In the material below, begin at the line that has "إذن: فنحن بأهوائنا", stop after the line that has "異素材ミックスの変形ドルマンスリーブプルオーバーです。", and transcribe those lines exactly, without pictures.

** Task inputs follows **

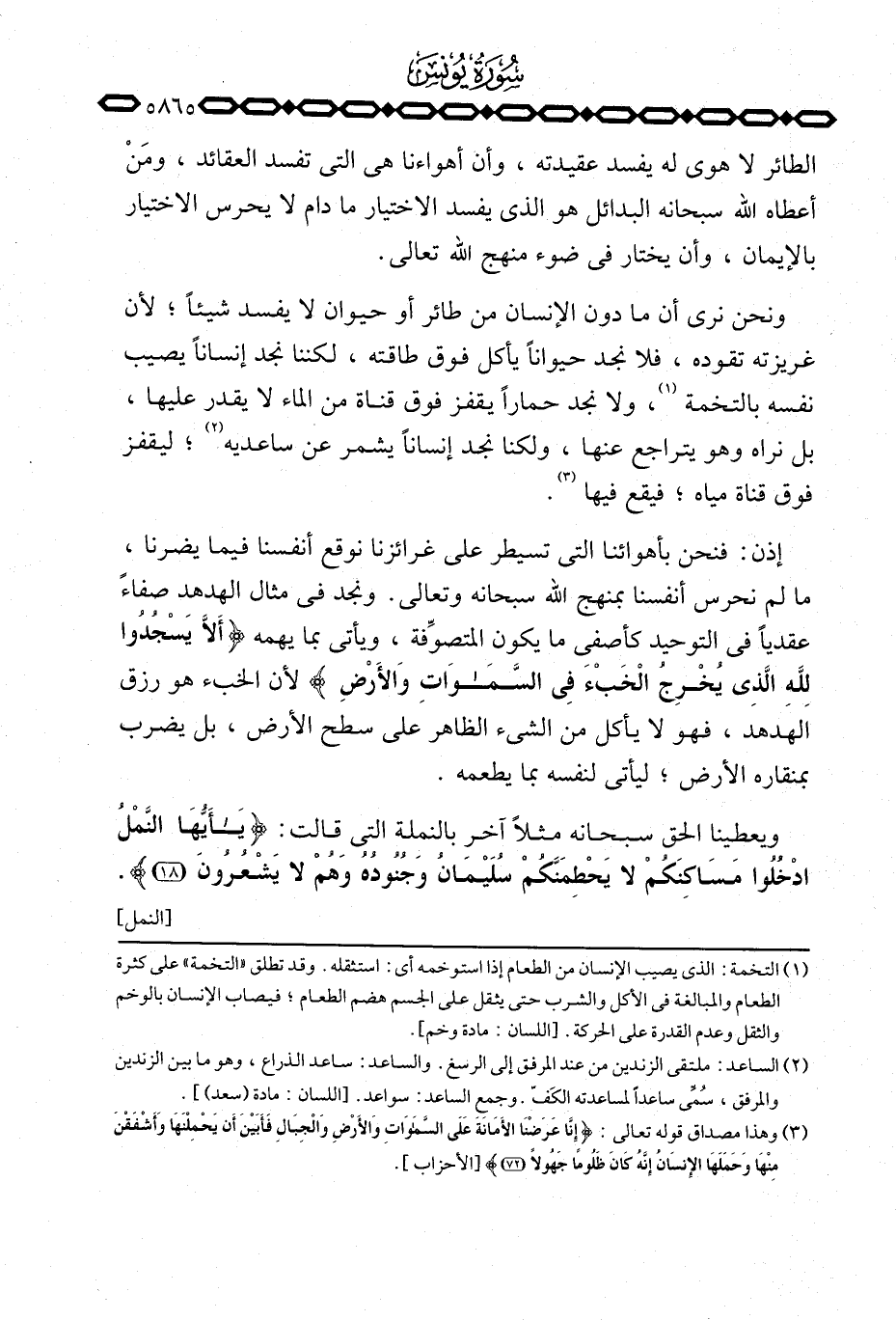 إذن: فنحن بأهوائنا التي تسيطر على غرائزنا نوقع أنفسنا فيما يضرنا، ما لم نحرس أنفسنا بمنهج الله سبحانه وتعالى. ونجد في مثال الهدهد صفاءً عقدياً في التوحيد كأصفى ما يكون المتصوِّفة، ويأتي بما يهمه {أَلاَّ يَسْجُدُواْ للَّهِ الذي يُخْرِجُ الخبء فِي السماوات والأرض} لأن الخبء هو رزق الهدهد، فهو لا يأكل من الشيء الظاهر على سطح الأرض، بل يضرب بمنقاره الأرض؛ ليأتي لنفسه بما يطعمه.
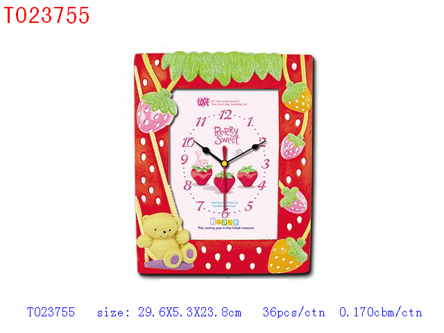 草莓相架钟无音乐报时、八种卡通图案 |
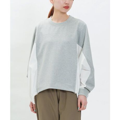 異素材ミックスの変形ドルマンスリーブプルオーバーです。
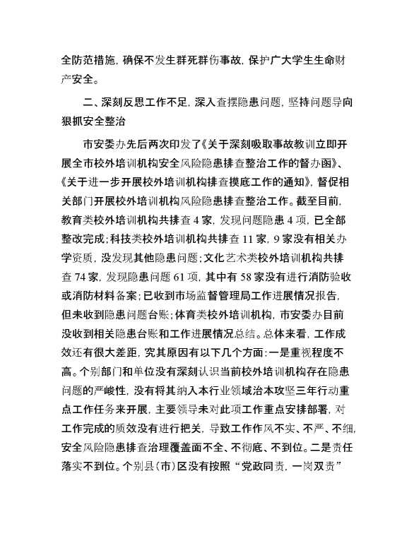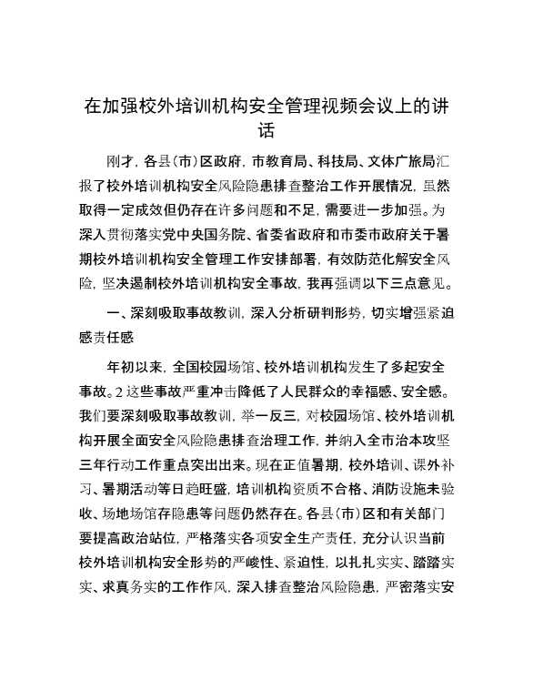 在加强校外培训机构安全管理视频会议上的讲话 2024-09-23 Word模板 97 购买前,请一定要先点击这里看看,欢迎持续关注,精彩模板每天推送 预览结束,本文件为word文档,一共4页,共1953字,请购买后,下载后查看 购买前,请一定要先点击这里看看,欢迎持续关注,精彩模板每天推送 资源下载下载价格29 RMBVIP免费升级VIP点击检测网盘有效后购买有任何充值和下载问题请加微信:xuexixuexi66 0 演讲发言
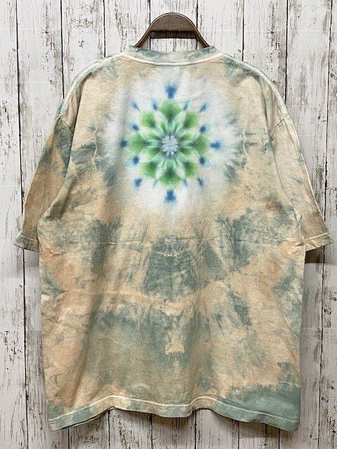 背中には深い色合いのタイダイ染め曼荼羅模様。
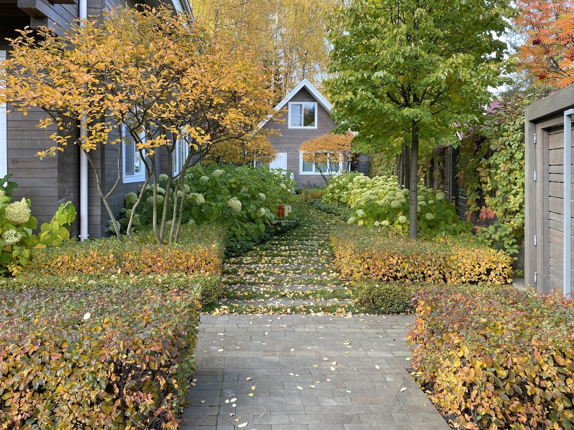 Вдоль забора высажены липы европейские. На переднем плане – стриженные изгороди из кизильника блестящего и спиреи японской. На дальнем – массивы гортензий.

** End of Task inputs **
** Task inputs follows **

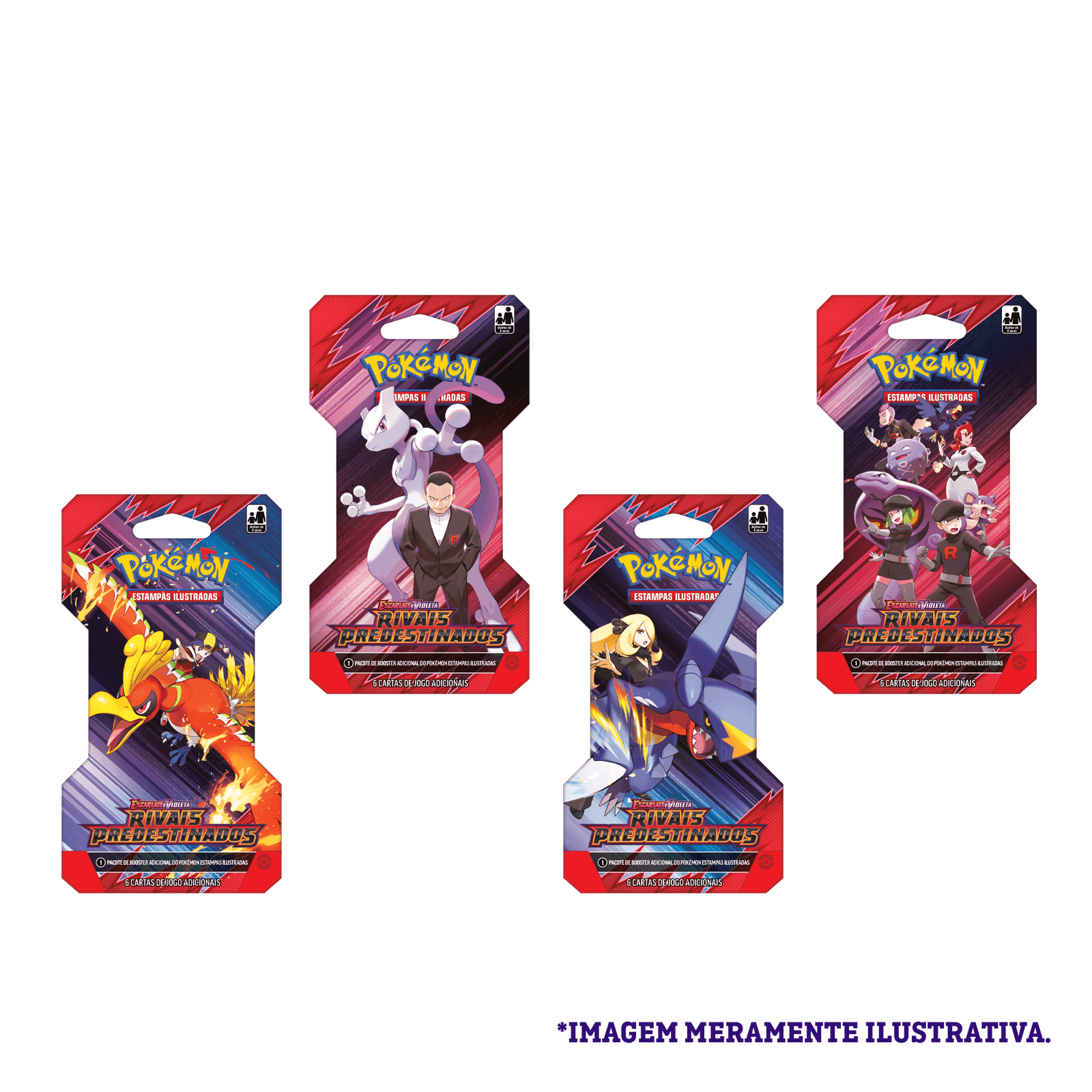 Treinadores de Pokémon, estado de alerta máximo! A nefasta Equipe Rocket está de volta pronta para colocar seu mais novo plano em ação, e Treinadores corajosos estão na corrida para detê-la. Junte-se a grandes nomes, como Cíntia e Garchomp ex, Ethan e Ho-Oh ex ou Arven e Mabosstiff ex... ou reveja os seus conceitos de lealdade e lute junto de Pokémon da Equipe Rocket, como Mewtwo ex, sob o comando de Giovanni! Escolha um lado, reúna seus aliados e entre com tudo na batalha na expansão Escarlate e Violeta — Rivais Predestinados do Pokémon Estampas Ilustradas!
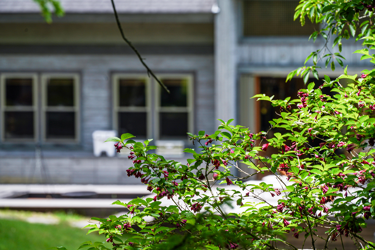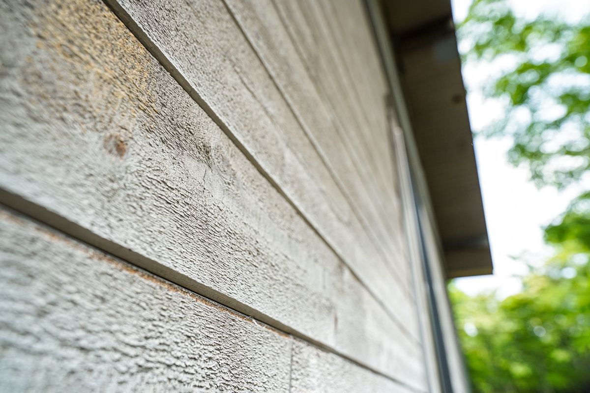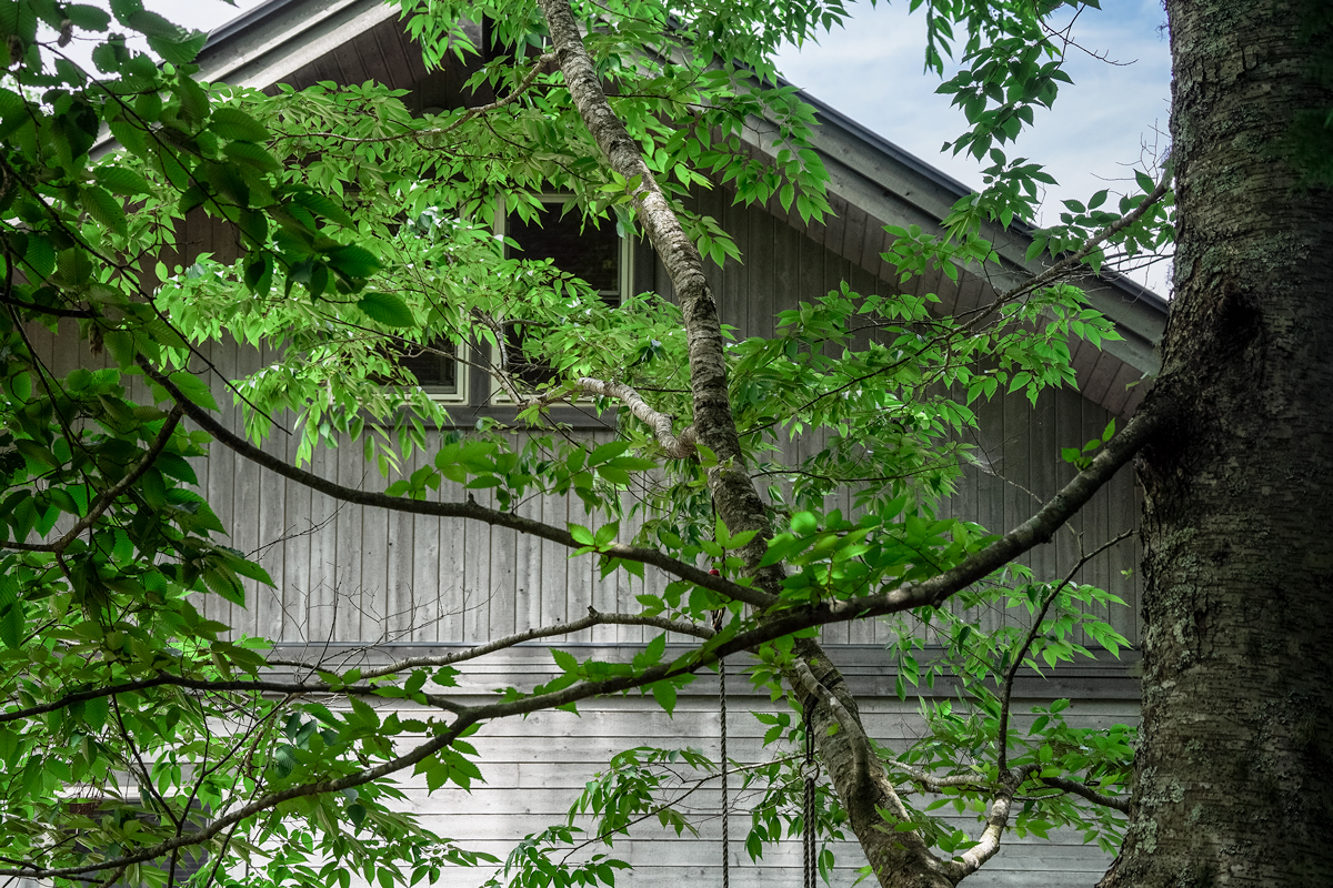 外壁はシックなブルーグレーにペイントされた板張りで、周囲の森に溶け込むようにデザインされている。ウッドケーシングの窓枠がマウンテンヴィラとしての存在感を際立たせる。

** End of Task inputs **

> [Output below]
 إذن: فنحن بأهوائنا التي تسيطر على غرائزنا نوقع أنفسنا فيما يضرنا، ما لم نحرس أنفسنا بمنهج الله سبحانه وتعالى. ونجد في مثال الهدهد صفاءً عقدياً في التوحيد كأصفى ما يكون المتصوِّفة، ويأتي بما يهمه {أَلاَّ يَسْجُدُواْ للَّهِ الذي يُخْرِجُ الخبء فِي السماوات والأرض} لأن الخبء هو رزق الهدهد، فهو لا يأكل من الشيء الظاهر على سطح الأرض، بل يضرب بمنقاره الأرض؛ ليأتي لنفسه بما يطعمه.
 草莓相架钟无音乐报时、八种卡通图案 |
 異素材ミックスの変形ドルマンスリーブプルオーバーです。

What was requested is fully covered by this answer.